(Collected data)

#####

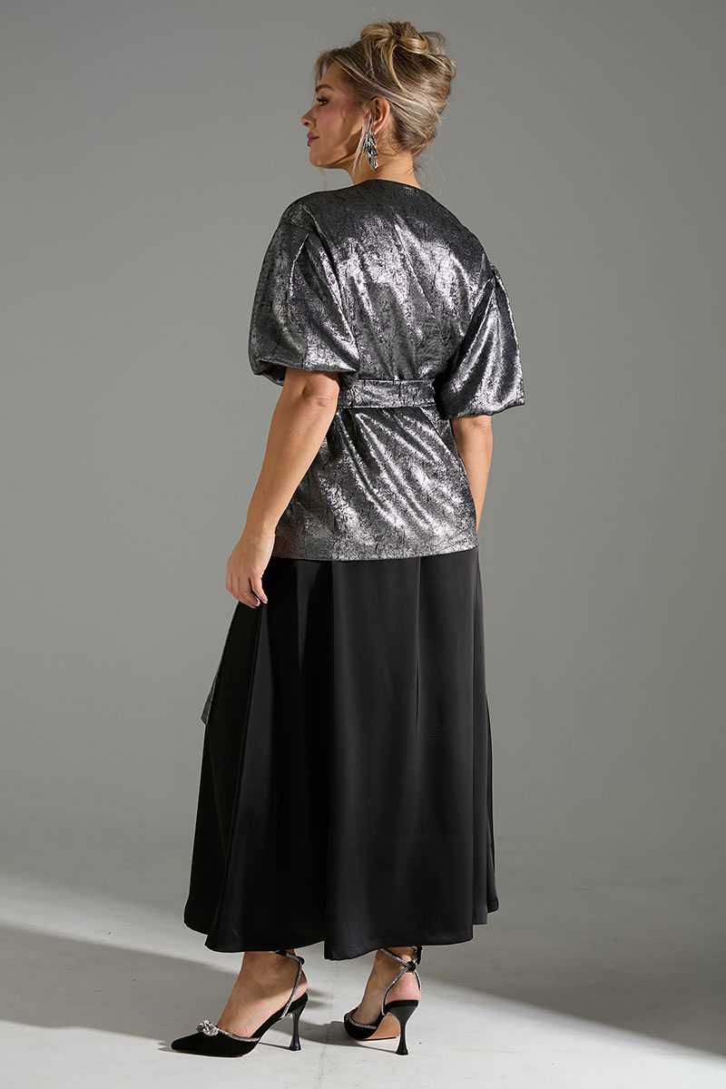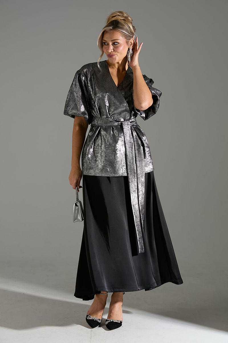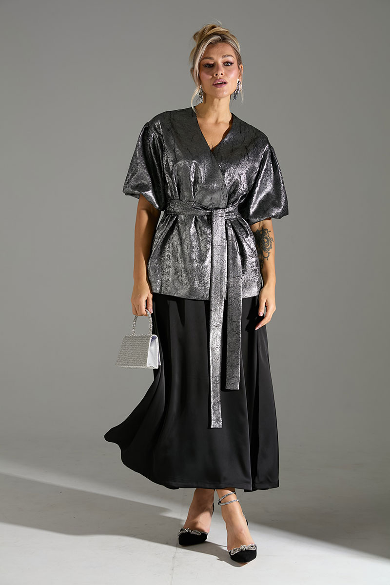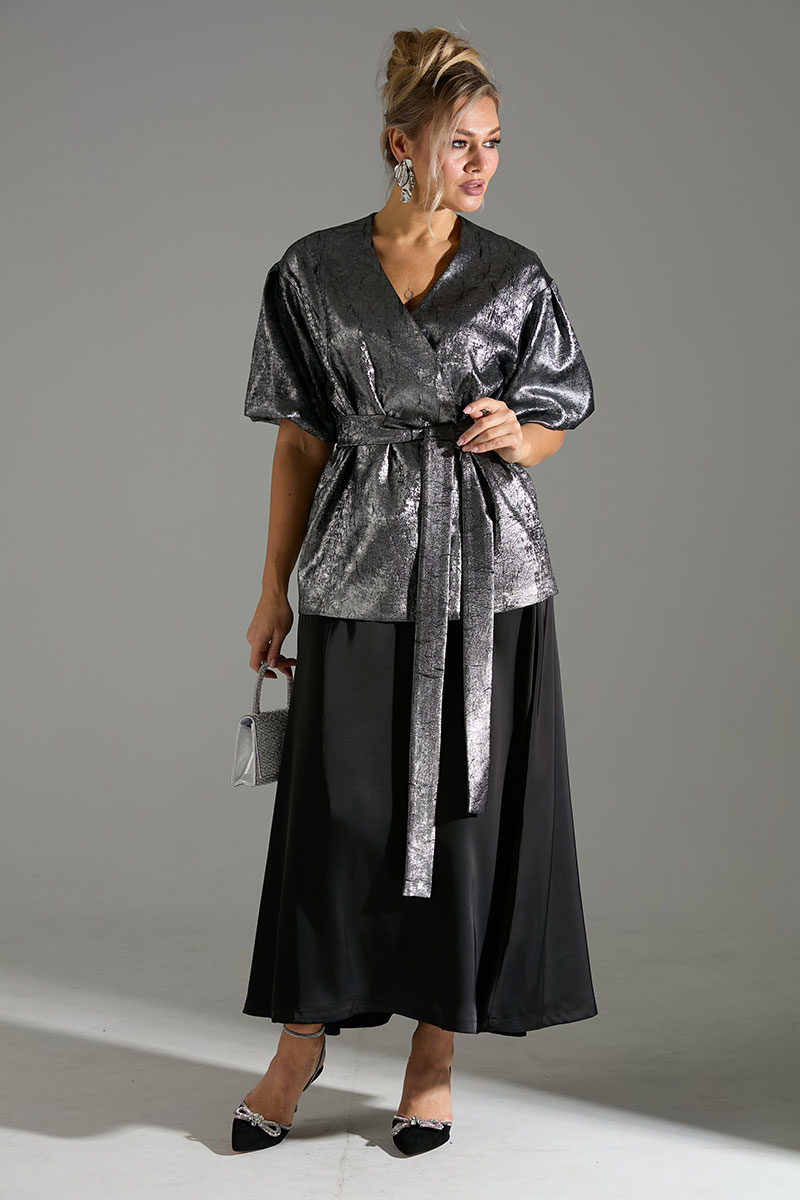 Комплект 2-ка, состоящий из жакета и юбки. Легкий жакет на подкладке с объёмными рукавами. Перед на запах с застежкой на кнопки, под пояс по талии. Юбка кроя трапеция, длина макси.
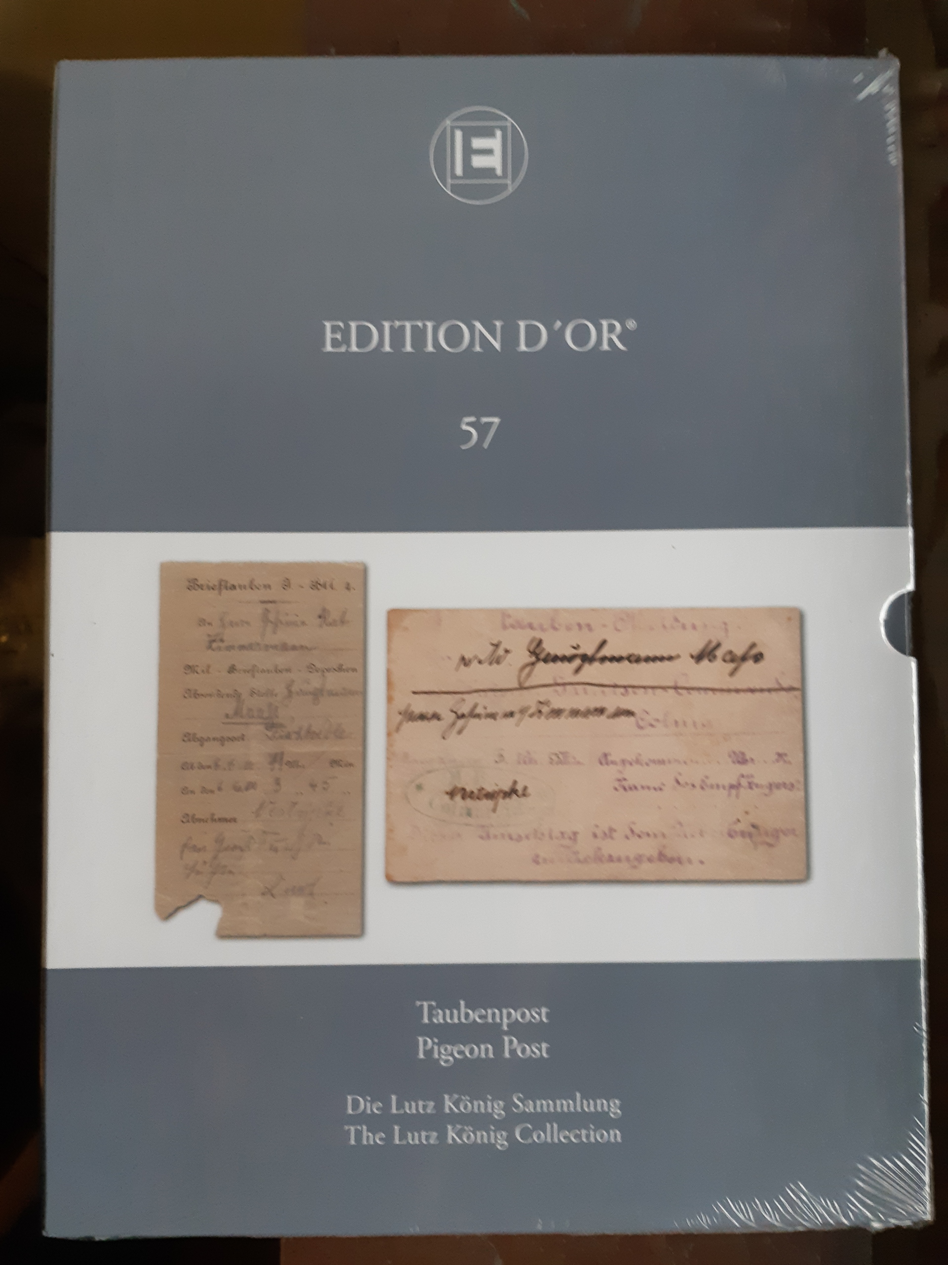 Literature, MOTIV, Birds. EDITION D'OR, Vol. 57 'Pigeon Post – The Lutz König Collection', The Global Philatelic Network, 2019. The Large Gold awarded exhibit depicted in its entirety, hardcover, with slipcase and dust jacket, 128 pp., English. New, still wrapped in plastic.
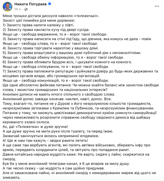В других пунктах своих аргументов в пользу защиты мессенджера народный депутат написал, что он против свободы обмена информацией, которая используется в Telegram, ведь там можно "поливать грязью всех", а также рушить доверие и репутацию любых государственных и местных органов власти или общественных организаций. В результате, как написал Никита Потураев дальше, анонимные публикации не имеют ничего общего со свободой слова, а являются лишь клеветой и доносом.
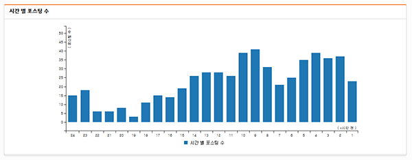 - 예를 들어, 24시간 기준으로 필터링 하기 때문에 태그 사용은 2개가 될 수 있습니다. 따라서 3개 이상 사용한 사용자부터 보이게 하였습니다. 주간의 경우 9개 이상 사용한 사용자부터 보입니다.
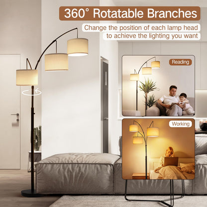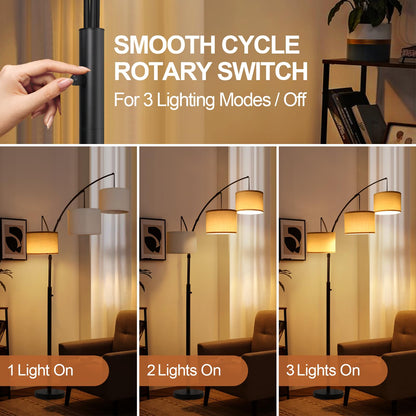 OUTON Arc Led Floor Lamp, Modern Black 3 Light Tall Floor Lamp for Bedroom, 2400lm Mid Century Adjustable Standing Corner Lamps for Living Room Office, 3 LED Bulbs Included, White Lampshade

#####

> [INSTRUCTIONS FOR THE TASK]
Word for word, give again the lines from the line with "- 예를 들어, 24시간" through the end of the records above, with both ends included and the pictures left out.

> [ANSWER BOX]
 - 예를 들어, 24시간 기준으로 필터링 하기 때문에 태그 사용은 2개가 될 수 있습니다. 따라서 3개 이상 사용한 사용자부터 보이게 하였습니다. 주간의 경우 9개 이상 사용한 사용자부터 보입니다.
 OUTON Arc Led Floor Lamp, Modern Black 3 Light Tall Floor Lamp for Bedroom, 2400lm Mid Century Adjustable Standing Corner Lamps for Living Room Office, 3 LED Bulbs Included, White Lampshade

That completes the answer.